Epsilon Drunk Binary Search Analysis

A comprehensive study of the "Balmer Peak" phenomenon in binary search algorithms, where introducing controlled randomness (epsilon) can improve performance on certain array structures.

Overview

This project implements and analyzes Epsilon Drunk Binary Search, a modified binary search algorithm that uses 0.5 + ε instead of 0.5 for the midpoint calculation, where ε is a small random offset. The research explores how different array structures (characterized by their Gini coefficient) respond to different levels of search "drunkness."

Key Concepts

Epsilon Drunk Binary Search

Standard binary search: Uses exact midpoint mid = (low + high) / 2
Drunk binary search: Uses perturbed midpoint mid = low + (high - low) * (0.5 + ε)
Epsilon (ε): Random offset in range [-ε_max, +ε_max]
- Negative ε = "undershoot" (bias toward lower indices)
- Positive ε = "overshoot" (bias toward higher indices)
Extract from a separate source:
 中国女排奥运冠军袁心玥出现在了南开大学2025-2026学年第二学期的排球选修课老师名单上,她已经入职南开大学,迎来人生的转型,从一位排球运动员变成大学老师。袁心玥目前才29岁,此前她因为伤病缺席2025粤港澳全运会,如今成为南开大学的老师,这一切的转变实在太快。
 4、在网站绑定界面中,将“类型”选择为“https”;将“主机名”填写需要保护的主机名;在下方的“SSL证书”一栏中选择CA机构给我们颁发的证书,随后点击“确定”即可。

Array Drunkness (Gini Coefficient)

The Gini coefficient is a statistical measure of inequality originally used in economics to measure income distribution. In our context, we apply it to measure the inequality in gap distributions between consecutive array elements.
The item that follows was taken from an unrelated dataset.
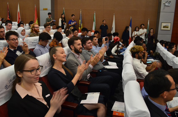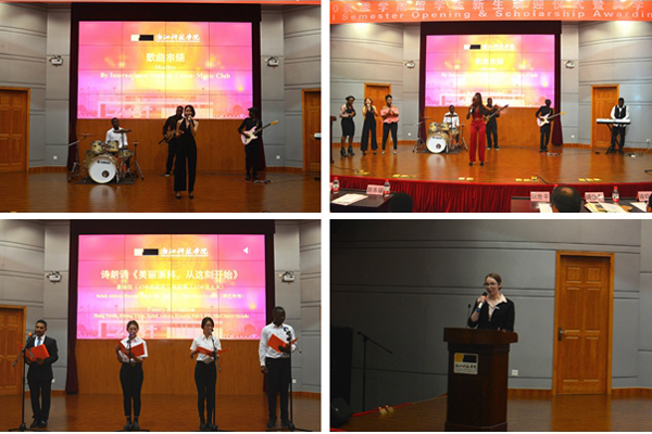 老生代表、津巴布韦籍米莱用流利的中文讲述了自己的学习经历,表达了对学校的感谢,并向新同学提出了许多有益的建议。新生代表、德国籍黎爱玲在发言中表达了对崭新大学生活的期待和向往。

Sober arrays: Perfectly even spacing between elements (Gini = 0.000)
Drunk arrays: Uneven gap distributions with some large and small gaps (higher Gini values)
Mathematical definition: For gaps $g_1, g_2, \ldots, g_n$:

$$\text{Gini} = \frac{2 \sum_{i=1}^{n} i \cdot g_i}{n \sum_{i=1}^{n} g_i} - \frac{n+1}{n}$$
Why we use it: The Gini coefficient provides a single, intuitive metric (0-1 scale) to characterize how "uneven" or "drunk" an array's structure is, allowing us to systematically study performance across different data distributions.

Balmer Peak

The Balmer Peak is a programming folklore concept suggesting that there's an optimal level of alcohol consumption that maximizes programming productivity - too little and you're overly cautious, too much and you make mistakes.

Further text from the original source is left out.